How to get a valid International Driving Permit for Japan
For Japan, go straight to your home country's authorized issuer before you travel — the permit generally cannot be issued once you are already in Japan:
- United States — AAA: $20 plus photos, at any AAA branch (walk-in, often same day) or by mail. You do not need to be a AAA member.
- Canada — CAA: CA$32 (fee updated December 2025), at CAA stores or by mail.
- United Kingdom — PayPoint shops: £5.50 over the counter with your photocard licence and a passport photo.
- Singapore — AAS, Australia — state auto clubs, India — RTOs, and most other 1949 signatories through their national automobile association.
If your licence is from Germany, France, Switzerland, Belgium, Monaco or Taiwan, your country does not issue 1949 permits. Instead, get an official Japanese translation of your licence from the Japan Automobile Federation (JAF) — around ¥4,000–¥6,000, orderable online before your trip or from JAF offices in Japan — and carry it together with your original licence and passport. It is valid for driving for up to one year from your date of entry. (Estonia used to be on this list but has issued its own 1949 Geneva permits since 2021.)

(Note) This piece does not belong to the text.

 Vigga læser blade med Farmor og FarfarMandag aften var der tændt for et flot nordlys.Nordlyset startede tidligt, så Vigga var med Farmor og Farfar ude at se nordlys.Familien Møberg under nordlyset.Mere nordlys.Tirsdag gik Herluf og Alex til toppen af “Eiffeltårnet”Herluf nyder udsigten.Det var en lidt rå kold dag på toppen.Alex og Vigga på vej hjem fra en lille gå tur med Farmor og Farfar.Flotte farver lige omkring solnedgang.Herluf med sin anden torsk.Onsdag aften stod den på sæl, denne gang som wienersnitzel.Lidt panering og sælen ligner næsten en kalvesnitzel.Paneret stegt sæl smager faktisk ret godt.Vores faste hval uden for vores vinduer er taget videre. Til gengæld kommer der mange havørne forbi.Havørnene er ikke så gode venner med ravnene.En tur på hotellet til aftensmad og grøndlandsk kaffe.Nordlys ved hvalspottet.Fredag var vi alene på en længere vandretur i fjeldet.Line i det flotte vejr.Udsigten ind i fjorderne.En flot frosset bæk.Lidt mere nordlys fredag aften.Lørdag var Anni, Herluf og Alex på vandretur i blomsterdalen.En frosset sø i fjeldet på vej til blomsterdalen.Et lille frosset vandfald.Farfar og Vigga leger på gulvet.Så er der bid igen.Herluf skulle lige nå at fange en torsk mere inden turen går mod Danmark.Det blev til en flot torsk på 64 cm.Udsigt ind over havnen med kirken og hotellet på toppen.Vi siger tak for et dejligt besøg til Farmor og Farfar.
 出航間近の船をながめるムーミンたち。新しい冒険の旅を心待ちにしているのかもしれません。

Our own service is a privately issued International Driving Permit translation and is not valid for Japan — we say so plainly because pretending otherwise gets travellers turned away at rental counters. It does work for 150+ other destinations that accept privately issued 1949-format permits; see the full country list or read what the document actually is.
Renting a car in Japan
Japanese rental companies check documents more carefully than almost anywhere else. At Toyota Rent a Car, Times Car Rental, Nippon Rent-A-Car, Orix and Nissan Rent a Car desks — including the big airport branches at Narita, Haneda, Kansai and New Chitose — staff will physically inspect your International Driving Permit, check the issuing body, the 1949 Geneva wording on the cover, and the issue date. A permit from a private website fails this check and the desk will refuse the car, even if you prepaid.
- Bring your permit + original licence + passport. All three are checked, every time.
- Your permit must be less than one year old (1949 permits are valid one year from issue) — and note that if you live in Japan long-term, you can only drive on the permit for up to one year from entry.
- Minimum rental age is generally 18 with a full licence; an ETC card for expressway tolls is worth adding at the counter.
- Book the rental before you fly, but sort the permit first — AAA and CAA can take time by mail, and JAF translations are faster to order online in advance.
Japan road rules tourists should know
Japan drives on the left. Speed limits are low by Western standards: typically 40 km/h in cities, 60 km/h on rural roads, and 100 km/h on expressways (up to 120 km/h on stretches of the Shin-Tomei and Tohoku Expressways). Speed cameras are everywhere and enforcement is automated.
- Alcohol: effectively zero. The limit is 0.03% BAC (0.15 mg/L breath) — one drink can put you over. Penalties reach ¥1,000,000 and up to five years' imprisonment, and passengers and even the person who served you alcohol can be prosecuted.
- Driving without a valid licence and International Driving Permit is a crime, not a ticket: up to ¥300,000 in fines for unlicensed driving, with penalties for serious cases reaching ¥500,000 or up to three years in prison. An invalid private permit counts as driving unlicensed.
- Expressway tolls are significant (Tokyo–Osaka runs well over ¥10,000) — use an ETC card.
- Emergency numbers: 110 for police, 119 for ambulance and fire.
- Any accident, however minor, must be reported to police before insurance will respond.